王麗芳指揮著:「國棟,看看粥熬得怎麼樣了;新來的同志準備好自己的碗筷,找地方坐,馬上開飯!」
飯菜的香味漸漸瀰漫開來。
雖然只是簡單的玉米餅子、高粱米粥和一鍋燉白菜土豆,幾乎看不到什麼油花,但在這寒冷的天氣,熱乎乎的食物顯得格外誘人。
大家圍坐在一張舊方桌和幾條長凳上,開始吃飯。
趙小紅是個天生的熱鬧性子,閒不住也憋不住話。
她一邊大口咬著熱乎乎的玉米餅子,一邊就迫不及待地打開了話匣子,挨個兒打聽起新知青的情況:
「哎,林知微,李文文,你倆是從哪兒來的呀?聽口音像是南邊的?」
「許同志,劉同志,王同志,你們仨呢?老家是哪兒的呀?」
五個新知青初來乍到,也正想和大家熟悉熟悉,便順著趙小紅的話頭,一一介紹了自己的情況。

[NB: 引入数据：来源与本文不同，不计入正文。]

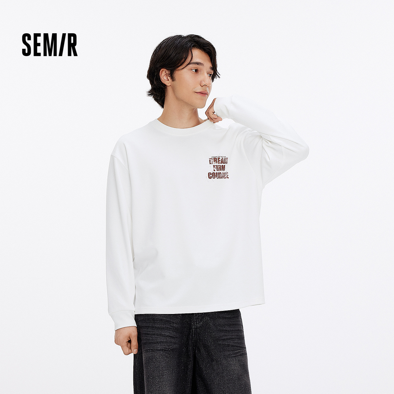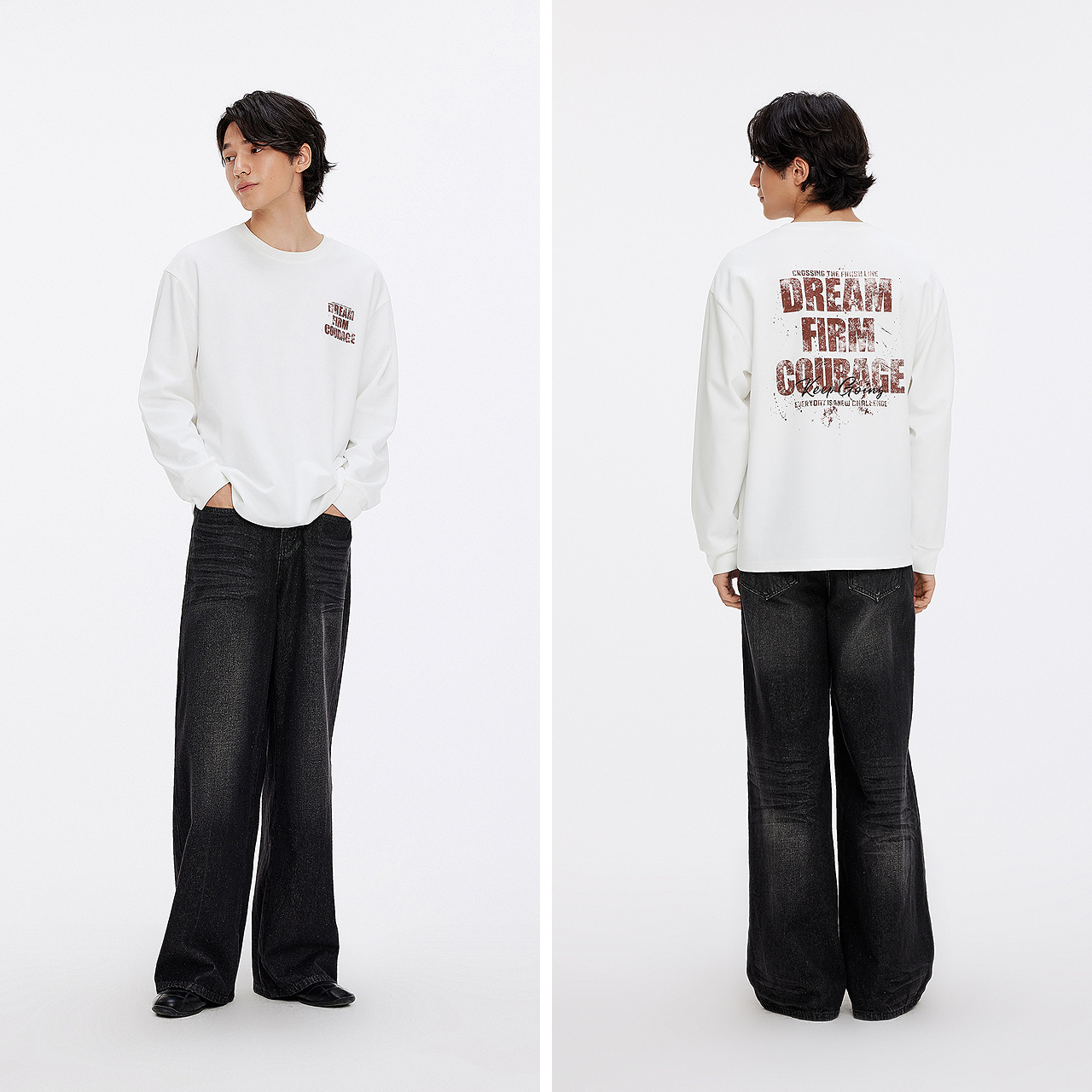 2025新款 商场同款 打底衫 T恤男秋季 做旧街头字母印花上衣 森马长袖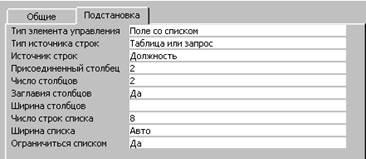 Для более удобной работы при заполнении таблицы «Сотрудник» поле «Должность» имеет подстановку из справочника «Должность» (см. рис. 1.4)
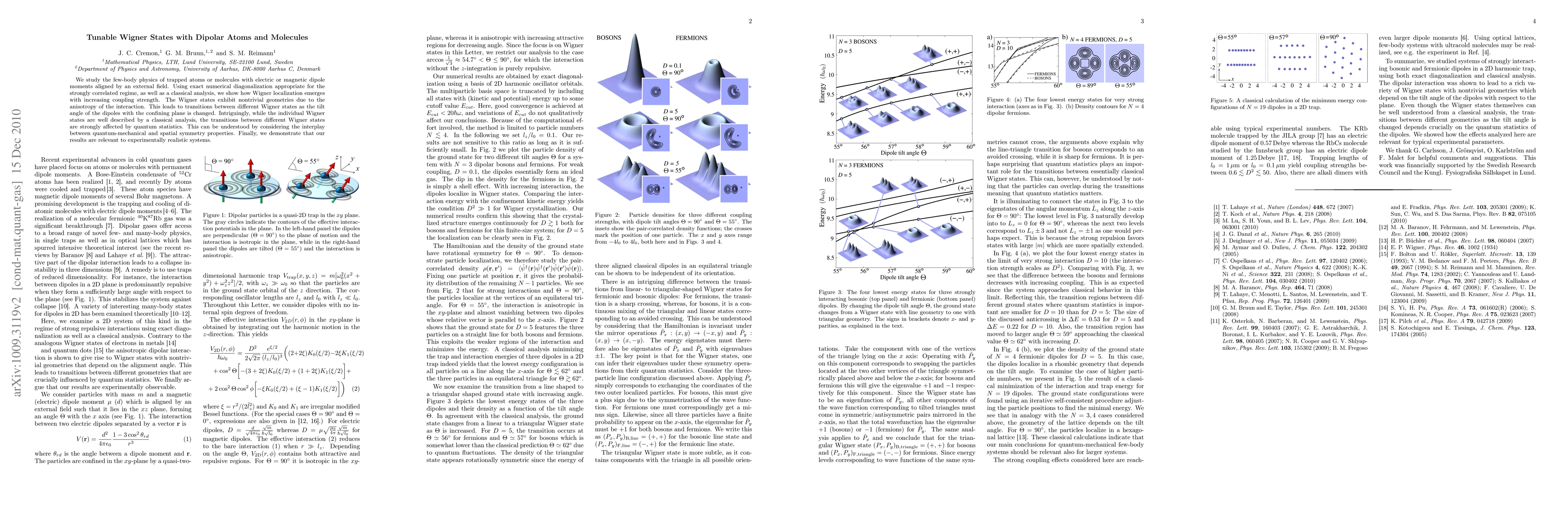 We study the few-body physics of trapped atoms or molecules with electric or magnetic dipole moments aligned by an external field. Using exact numerical diagonalization appropriate for the strongly correlated regime, as well as a classical analysis, we show how Wigner localization emerges with increasing coupling strength. The Wigner states exhibit non-trivial geometries due to the anisotropy of the interaction. This leads to transitions between different Wigner states as the tilt angle of the dipoles with the confining plane is changed. Intriguingly, while the individual Wigner states are well described by a classical analysis, the transitions between different Wigner states are strongly affected by quantum statistics. This can be understood by considering the interplay between quantum-mechanical and spatial symmetry properties. Finally, we demonstrate that our results are relevant to experimentally realistic systems.

這簡短的介紹,雖然沒太多細節,卻也讓飯桌上的氣氛活絡了不少。
趙大虎咬了一大口餅子,對三個新男知青說:「咱們屯子地多,開春就得忙活了,翻地、送糞,活兒可不輕省!看你們身板還行,不過剛開始肯定得適應一陣子。」
周文明細聲細氣地補充:「屯子裡晚上沒事,可以看看書。我帶了點書來,你們要看可以找我。」
張麗娟對林知微和李文文說:「現在女同志的活兒主要是選種,活兒不算累。你們剛來,慢慢學,別著急。」
王麗芳作為女隊長,最後總結道:「以後咱們就是一個大家庭了,在一起吃飯,一起勞動。有啥困難別客氣,直接說。最重要的就是團結,心往一處想,勁往一處使。」
這頓簡單的午飯,就在這種互相介紹、閒聊和叮囑中結束了。
雖然飯菜粗糙,但氣氛還算融洽。